In my experience it will answer with the closest answer, even if none of the options are even remotely correct.
Not refuse, but remark that none of the answers seems correct. After all, we are only 2 days away from an AGI pro gamer researcher AI according to experts[1], so I would expect this behavior at least.
1: People who have a financial stake in the AI hype
In multiple choice if you don't know then a random guess is your best answer in most cases. In a few tests blank is scored better than wrong but that is rare and the professors will tell you.
as such I would expect students to but in something. However after class they would talk about how bad they think they did because they are all self aware enough to know where they guessed.
I would love to see someone try this. I would guess 85-90% of undergrads would fill out the whole test, but not everyone.
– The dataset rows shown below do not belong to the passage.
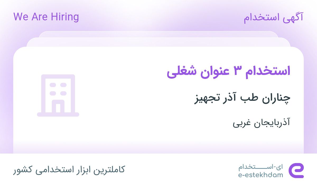 چناران طب آذر تجهیز جهت تکمیل کادر خود در استان آذربایجان غربی از افراد واجد شرایط زیر دعوت به همکاری می نماید.
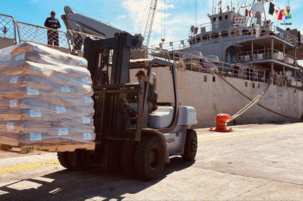 El Gobierno de México informó, además, que esta es solo una fase de la operación, pues aún se encuentran en resguardo 1,500 toneladas adicionales de leche en polvo y frijol que serán enviadas en embarques posteriores.
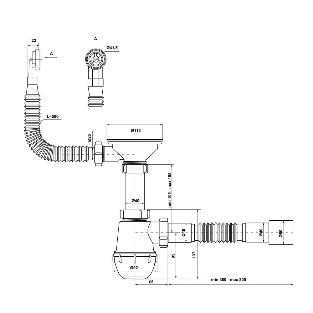 Сифон з різьбовим випуском та з гнучким круглим переливом. Для підключення до каналізації комплектується гофротрубою. Сітка, гвинт і гайка з нержавіючої сталі.
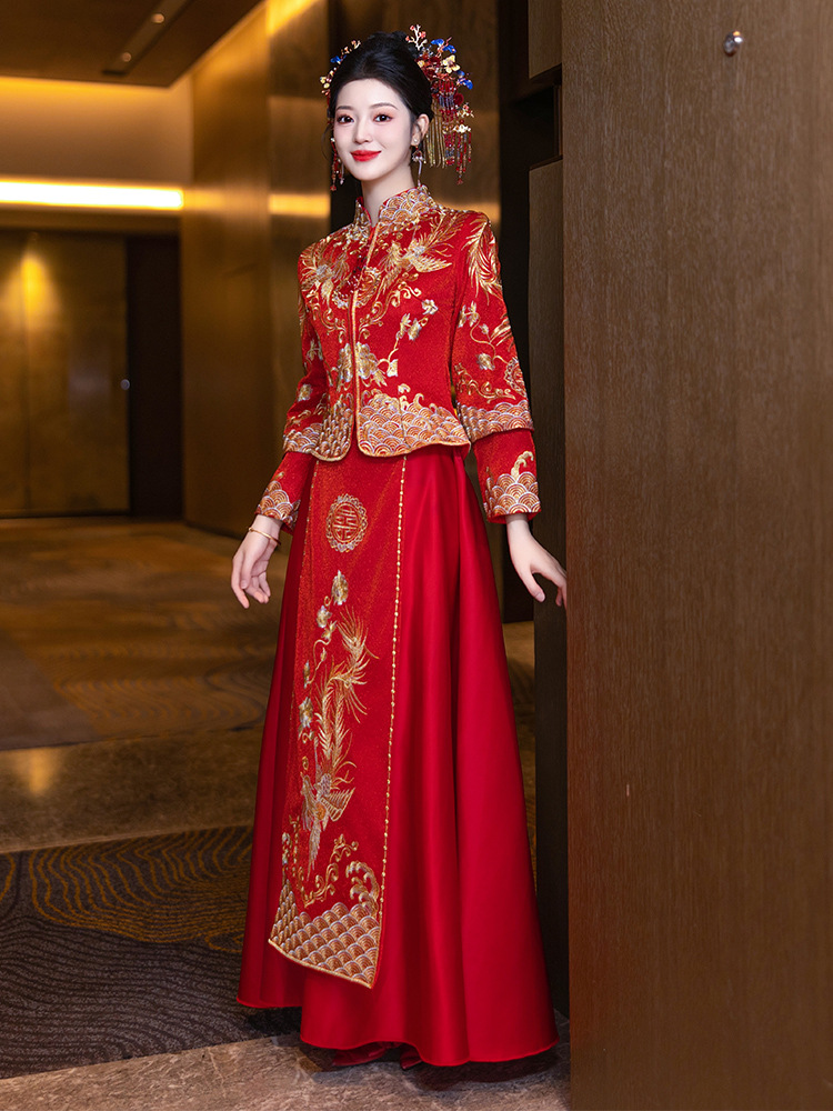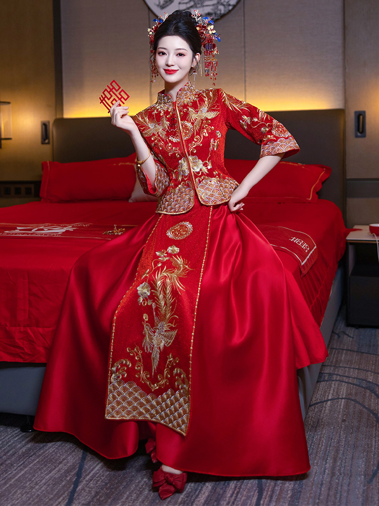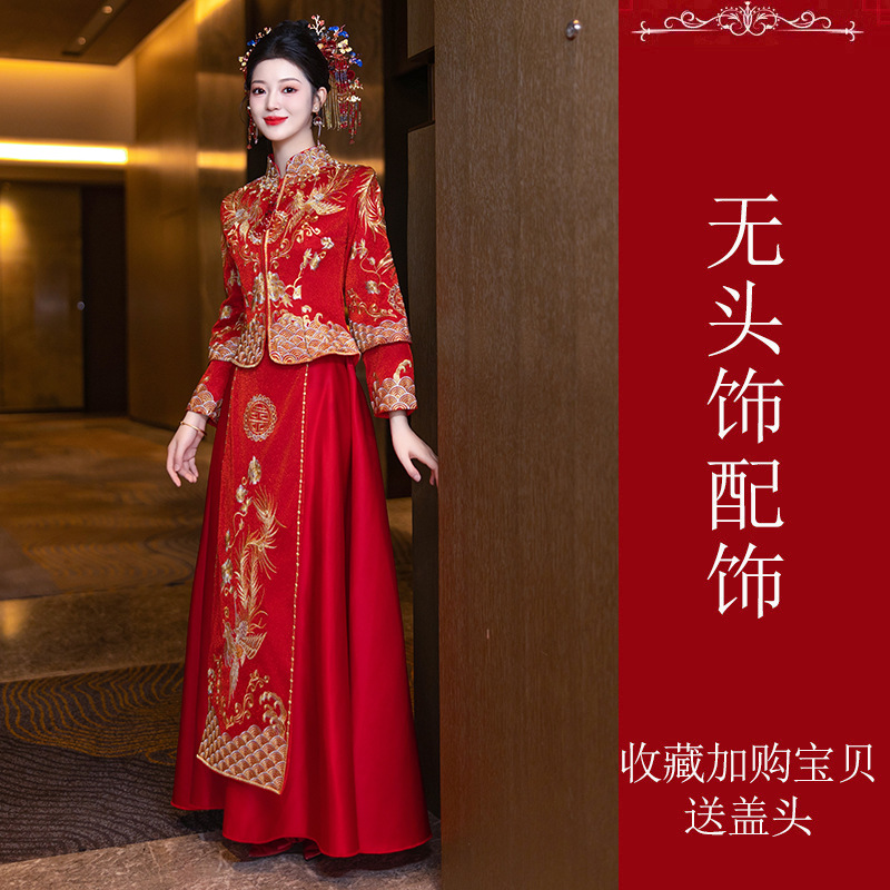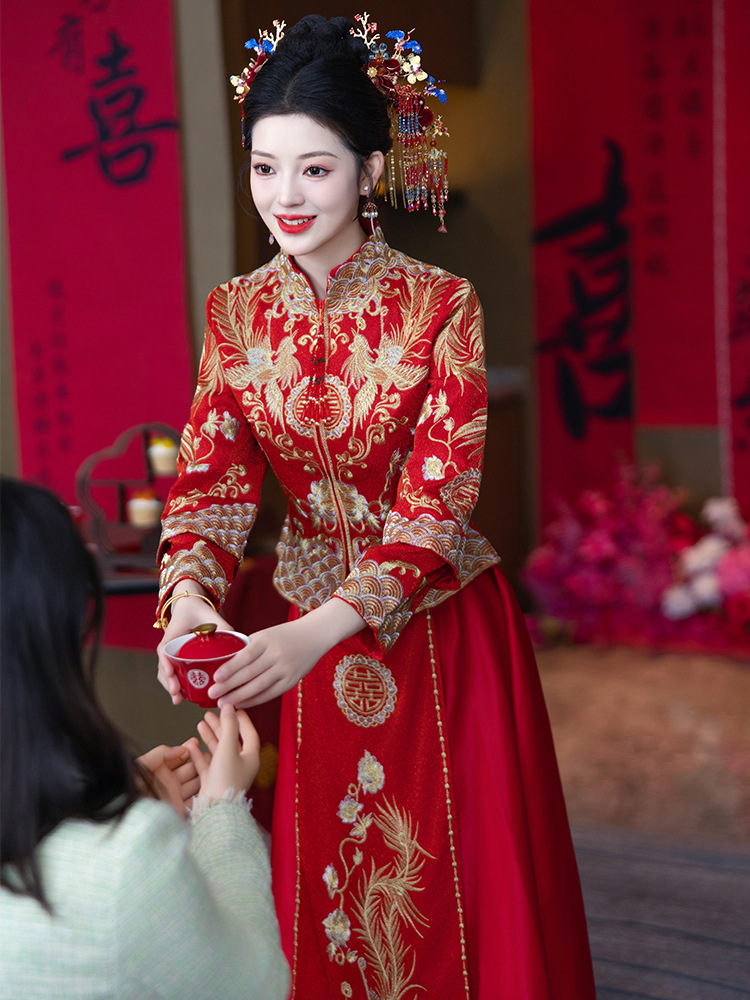 Свадебная одежда Xiuhe Summer 2024 новый маленький человек свадебное платье дракон и феникс из свадебного платья

There are some people who believe the things that they know.
I think the issue is the confidence with which it lies to you.
A good analogy would be if someone claimed to be a doctor and when I asked if I should eat lead or tin for my health they said “Tin because it’s good for your complexion”.
Yes, it should refuse.
Humans have made progress by admitting when they don’t know something.
Believing an LLM should be exempt from this boundary of “responsible knowledge” is an untenable path.
As in, if you trust an ignorant LLM then by proxy you must trust a heart surgeon to perform your hip replacement.
Just on a practical level, adding a way for the LLM to bail if can detect that things are going wrong saves a lot of trouble. Especially if you are constraining the inference. You still get some false negatives and false positives, of course, but giving the option to say "something else" and explain can save you a lot of headaches when you accidentally send it down the wrong path entirely.